◆ **Given data**:
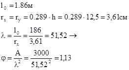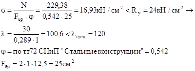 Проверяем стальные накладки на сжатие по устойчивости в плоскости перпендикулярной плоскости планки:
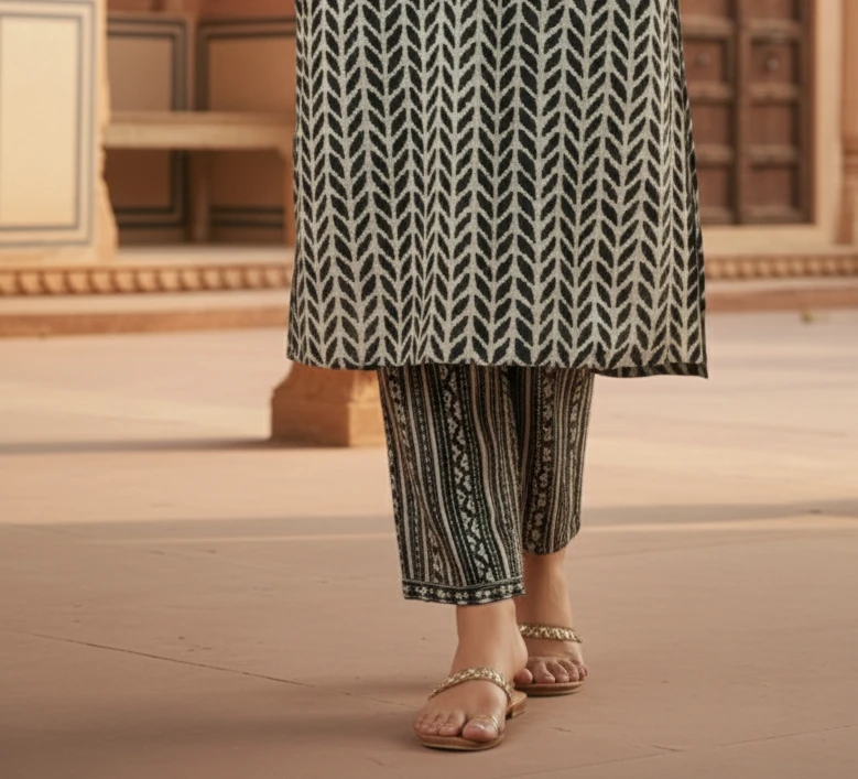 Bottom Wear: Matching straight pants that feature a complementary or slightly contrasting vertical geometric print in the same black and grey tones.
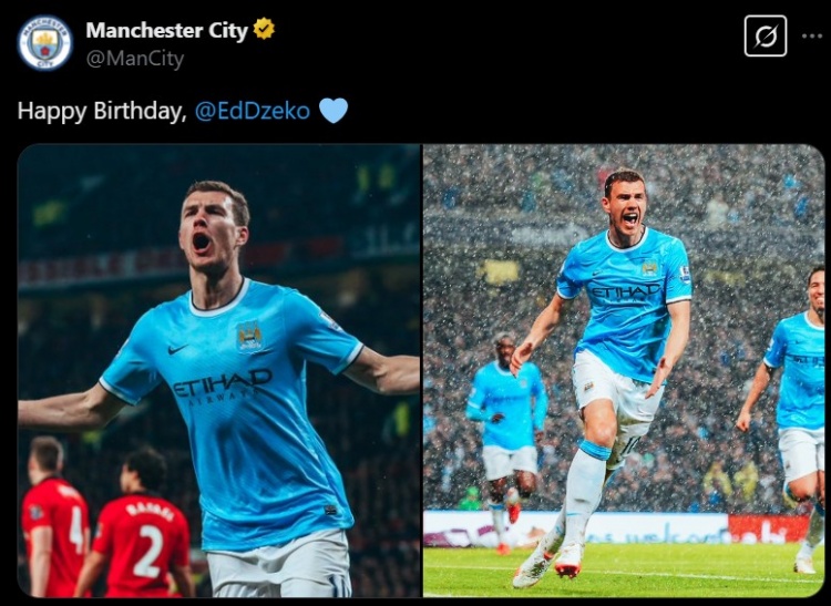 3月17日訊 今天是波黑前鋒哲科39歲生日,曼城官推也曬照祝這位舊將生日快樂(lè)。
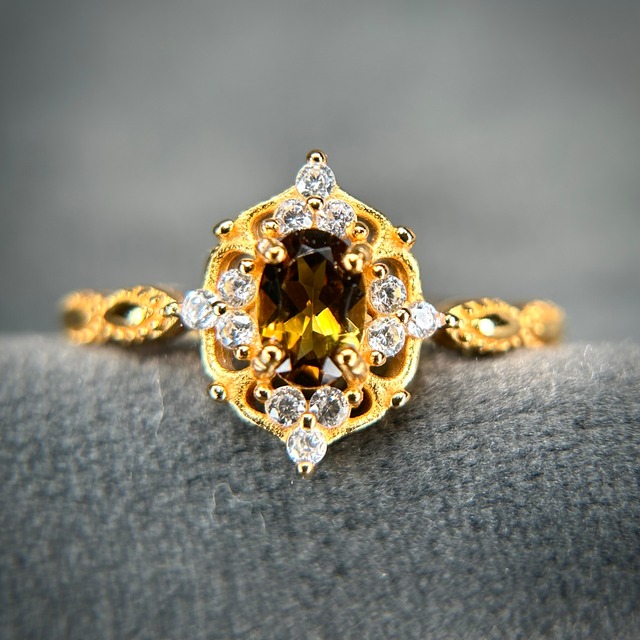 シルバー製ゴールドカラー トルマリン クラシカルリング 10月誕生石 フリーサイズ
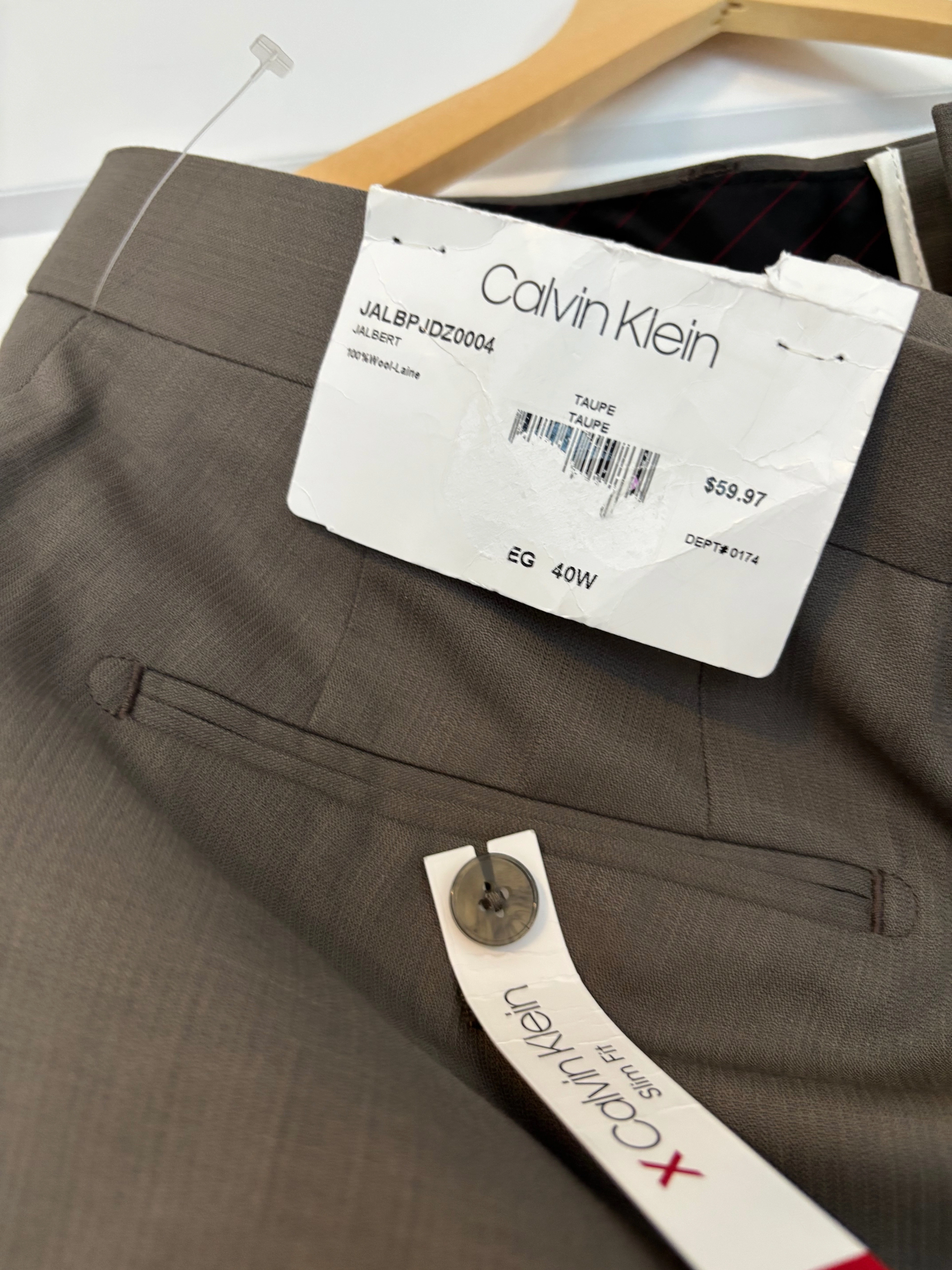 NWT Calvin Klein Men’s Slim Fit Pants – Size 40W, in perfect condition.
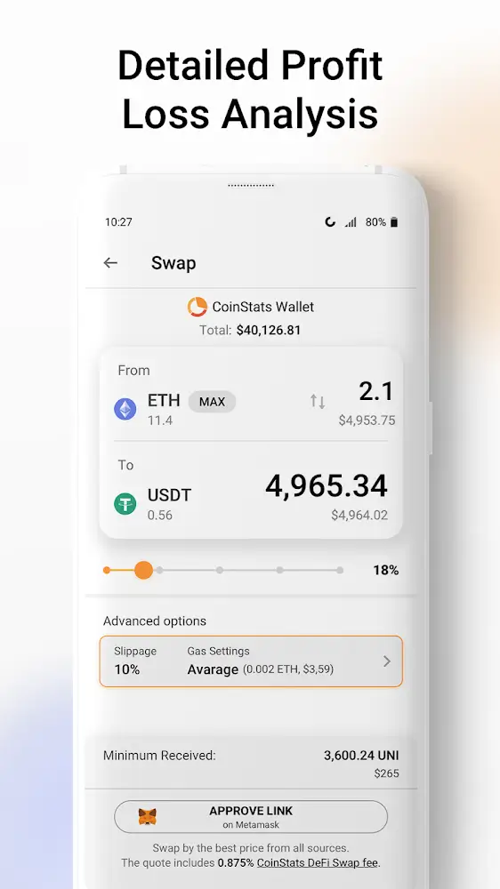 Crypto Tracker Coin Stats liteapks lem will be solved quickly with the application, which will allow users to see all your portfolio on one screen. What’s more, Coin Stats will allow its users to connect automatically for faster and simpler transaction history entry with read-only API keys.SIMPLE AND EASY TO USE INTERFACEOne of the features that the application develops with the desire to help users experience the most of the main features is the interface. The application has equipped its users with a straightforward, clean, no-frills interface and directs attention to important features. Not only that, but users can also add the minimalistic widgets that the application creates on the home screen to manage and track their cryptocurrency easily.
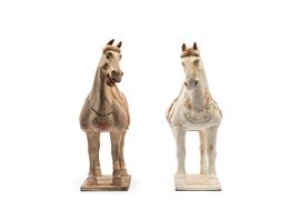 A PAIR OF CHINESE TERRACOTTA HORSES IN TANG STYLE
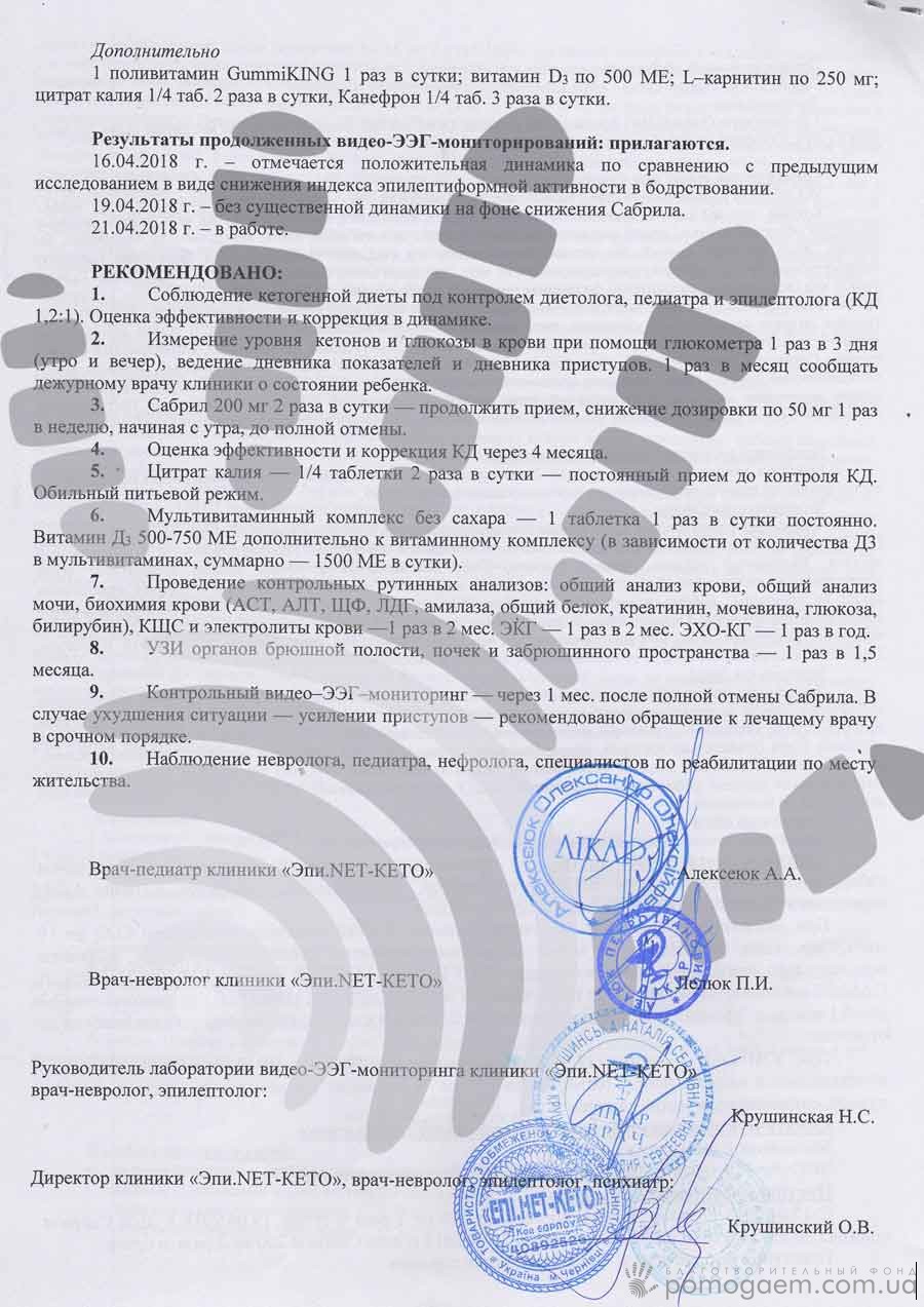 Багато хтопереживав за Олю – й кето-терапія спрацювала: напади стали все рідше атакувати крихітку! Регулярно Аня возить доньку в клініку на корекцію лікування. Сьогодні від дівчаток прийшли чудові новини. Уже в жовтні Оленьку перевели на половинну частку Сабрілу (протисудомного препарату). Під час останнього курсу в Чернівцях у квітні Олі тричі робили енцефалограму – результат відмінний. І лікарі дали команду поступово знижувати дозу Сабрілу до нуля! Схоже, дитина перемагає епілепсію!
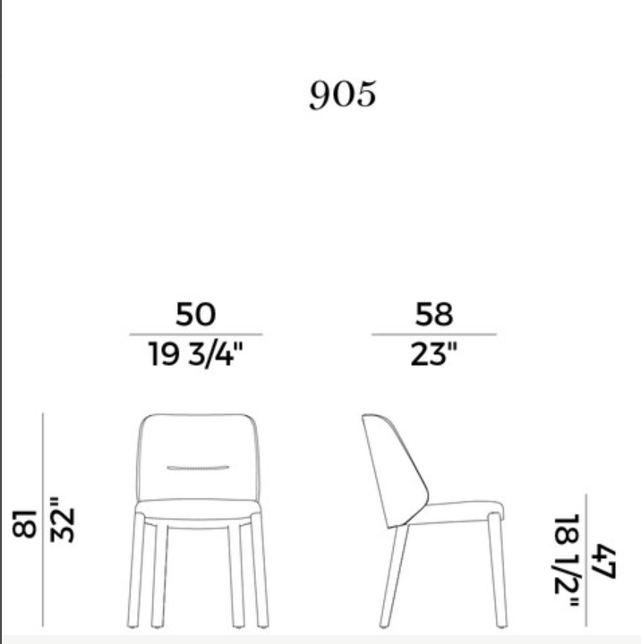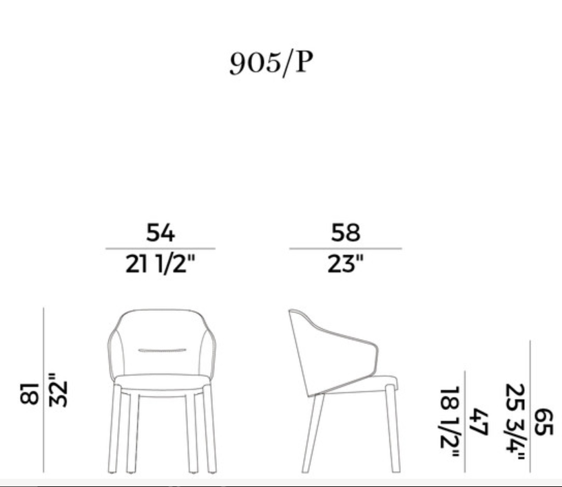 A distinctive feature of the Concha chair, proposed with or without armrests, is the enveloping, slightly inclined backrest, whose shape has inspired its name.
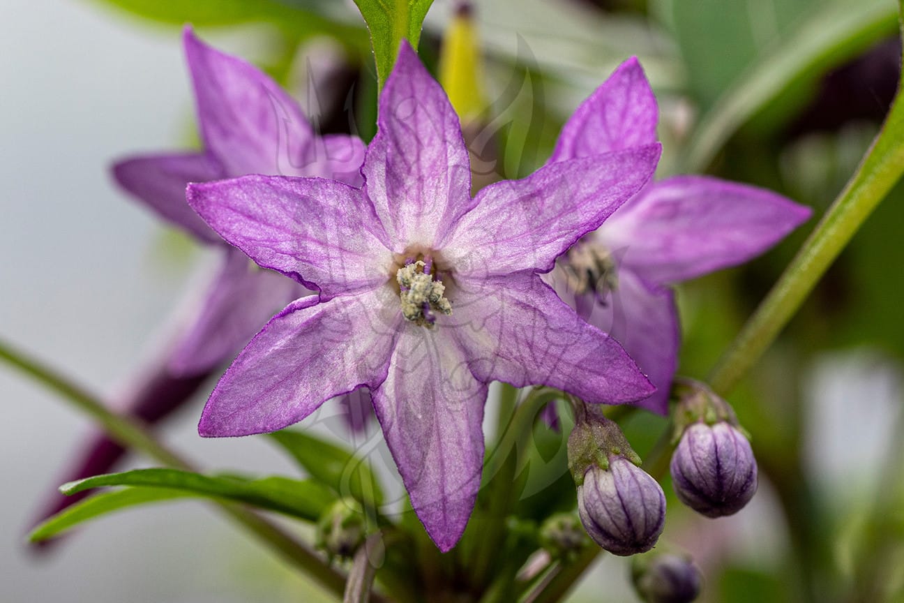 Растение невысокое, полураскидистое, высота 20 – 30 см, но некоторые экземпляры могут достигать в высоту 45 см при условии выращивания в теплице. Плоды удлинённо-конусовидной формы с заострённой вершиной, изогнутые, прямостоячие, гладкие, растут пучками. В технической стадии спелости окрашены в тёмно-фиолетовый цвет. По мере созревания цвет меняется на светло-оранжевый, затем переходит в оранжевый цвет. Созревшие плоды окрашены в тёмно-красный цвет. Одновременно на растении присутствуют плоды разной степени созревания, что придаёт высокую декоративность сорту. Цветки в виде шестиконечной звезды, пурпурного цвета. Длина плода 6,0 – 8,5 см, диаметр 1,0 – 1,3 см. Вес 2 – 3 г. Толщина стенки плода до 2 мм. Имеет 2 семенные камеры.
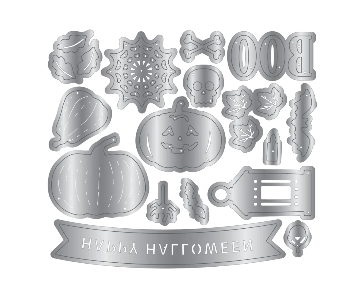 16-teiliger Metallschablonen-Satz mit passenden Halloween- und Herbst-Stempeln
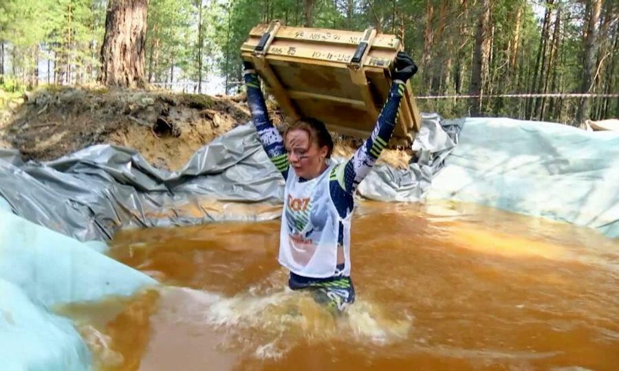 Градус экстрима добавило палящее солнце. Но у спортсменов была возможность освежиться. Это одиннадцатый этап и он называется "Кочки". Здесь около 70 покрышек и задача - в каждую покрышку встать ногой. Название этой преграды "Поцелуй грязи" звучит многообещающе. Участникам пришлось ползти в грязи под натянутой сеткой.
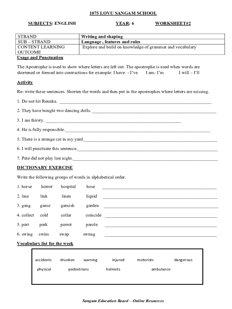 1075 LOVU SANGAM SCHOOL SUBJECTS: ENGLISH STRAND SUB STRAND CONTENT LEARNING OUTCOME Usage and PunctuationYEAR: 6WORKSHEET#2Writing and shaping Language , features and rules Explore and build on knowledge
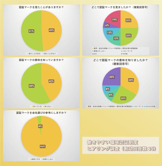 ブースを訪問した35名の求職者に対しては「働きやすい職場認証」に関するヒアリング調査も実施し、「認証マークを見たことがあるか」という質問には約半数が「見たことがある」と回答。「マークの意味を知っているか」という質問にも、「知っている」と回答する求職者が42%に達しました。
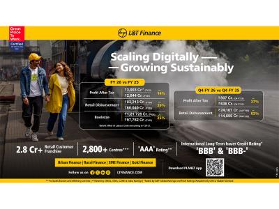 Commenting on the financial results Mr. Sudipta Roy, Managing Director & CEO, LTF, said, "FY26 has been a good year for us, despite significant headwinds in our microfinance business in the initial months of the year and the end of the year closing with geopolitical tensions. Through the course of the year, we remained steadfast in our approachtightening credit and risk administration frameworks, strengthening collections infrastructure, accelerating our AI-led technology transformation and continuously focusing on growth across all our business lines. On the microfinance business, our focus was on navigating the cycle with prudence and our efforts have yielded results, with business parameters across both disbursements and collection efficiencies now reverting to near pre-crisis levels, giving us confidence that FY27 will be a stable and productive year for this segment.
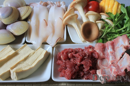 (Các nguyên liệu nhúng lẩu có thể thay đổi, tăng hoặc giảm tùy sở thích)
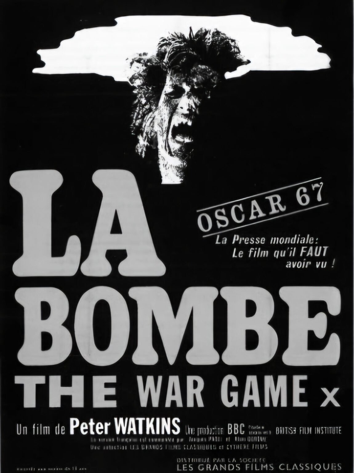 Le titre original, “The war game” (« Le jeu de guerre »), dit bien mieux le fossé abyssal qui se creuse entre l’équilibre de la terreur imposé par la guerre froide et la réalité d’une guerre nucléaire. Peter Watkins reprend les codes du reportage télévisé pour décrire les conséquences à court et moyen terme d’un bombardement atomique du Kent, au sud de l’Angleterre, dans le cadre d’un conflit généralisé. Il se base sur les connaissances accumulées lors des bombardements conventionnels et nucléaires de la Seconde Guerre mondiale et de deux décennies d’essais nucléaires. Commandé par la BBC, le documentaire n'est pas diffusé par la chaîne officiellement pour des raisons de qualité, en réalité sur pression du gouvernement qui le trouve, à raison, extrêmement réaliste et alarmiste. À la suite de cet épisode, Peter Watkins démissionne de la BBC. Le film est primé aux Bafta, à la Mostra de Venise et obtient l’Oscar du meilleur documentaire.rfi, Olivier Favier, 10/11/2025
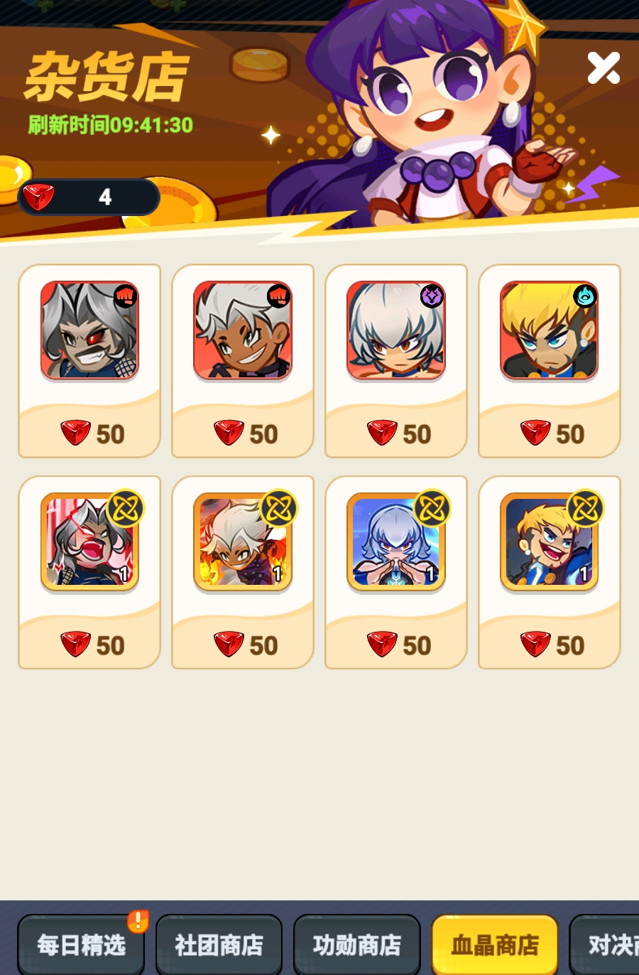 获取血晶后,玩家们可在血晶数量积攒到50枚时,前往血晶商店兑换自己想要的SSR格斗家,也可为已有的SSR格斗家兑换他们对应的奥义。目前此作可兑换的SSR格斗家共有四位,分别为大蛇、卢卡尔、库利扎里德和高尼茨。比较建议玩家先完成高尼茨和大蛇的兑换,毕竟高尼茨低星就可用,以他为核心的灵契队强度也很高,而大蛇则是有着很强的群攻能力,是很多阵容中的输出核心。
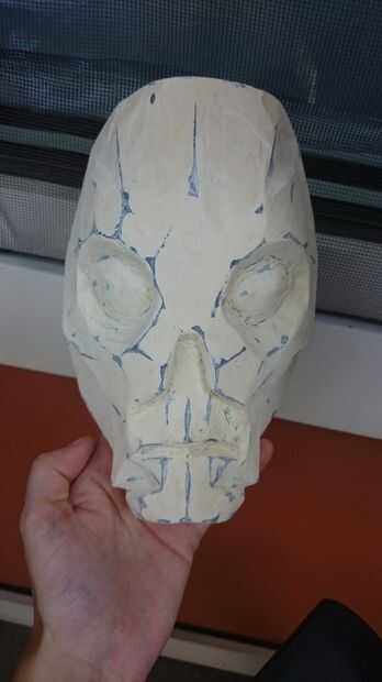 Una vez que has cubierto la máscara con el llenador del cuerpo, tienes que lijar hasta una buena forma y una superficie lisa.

◆ **Task requirements**:
Would you output the lines above from the line holding "Градус экстрима добавило" up to and including the line holding "(Các nguyên liệu", exactly and only those, with no pictures?

◆ **Exercise result**:
 Градус экстрима добавило палящее солнце. Но у спортсменов была возможность освежиться. Это одиннадцатый этап и он называется "Кочки". Здесь около 70 покрышек и задача - в каждую покрышку встать ногой. Название этой преграды "Поцелуй грязи" звучит многообещающе. Участникам пришлось ползти в грязи под натянутой сеткой.
 1075 LOVU SANGAM SCHOOL SUBJECTS: ENGLISH STRAND SUB STRAND CONTENT LEARNING OUTCOME Usage and PunctuationYEAR: 6WORKSHEET#2Writing and shaping Language , features and rules Explore and build on knowledge
 ブースを訪問した35名の求職者に対しては「働きやすい職場認証」に関するヒアリング調査も実施し、「認証マークを見たことがあるか」という質問には約半数が「見たことがある」と回答。「マークの意味を知っているか」という質問にも、「知っている」と回答する求職者が42%に達しました。
 Commenting on the financial results Mr. Sudipta Roy, Managing Director & CEO, LTF, said, "FY26 has been a good year for us, despite significant headwinds in our microfinance business in the initial months of the year and the end of the year closing with geopolitical tensions. Through the course of the year, we remained steadfast in our approachtightening credit and risk administration frameworks, strengthening collections infrastructure, accelerating our AI-led technology transformation and continuously focusing on growth across all our business lines. On the microfinance business, our focus was on navigating the cycle with prudence and our efforts have yielded results, with business parameters across both disbursements and collection efficiencies now reverting to near pre-crisis levels, giving us confidence that FY27 will be a stable and productive year for this segment.
 (Các nguyên liệu nhúng lẩu có thể thay đổi, tăng hoặc giảm tùy sở thích)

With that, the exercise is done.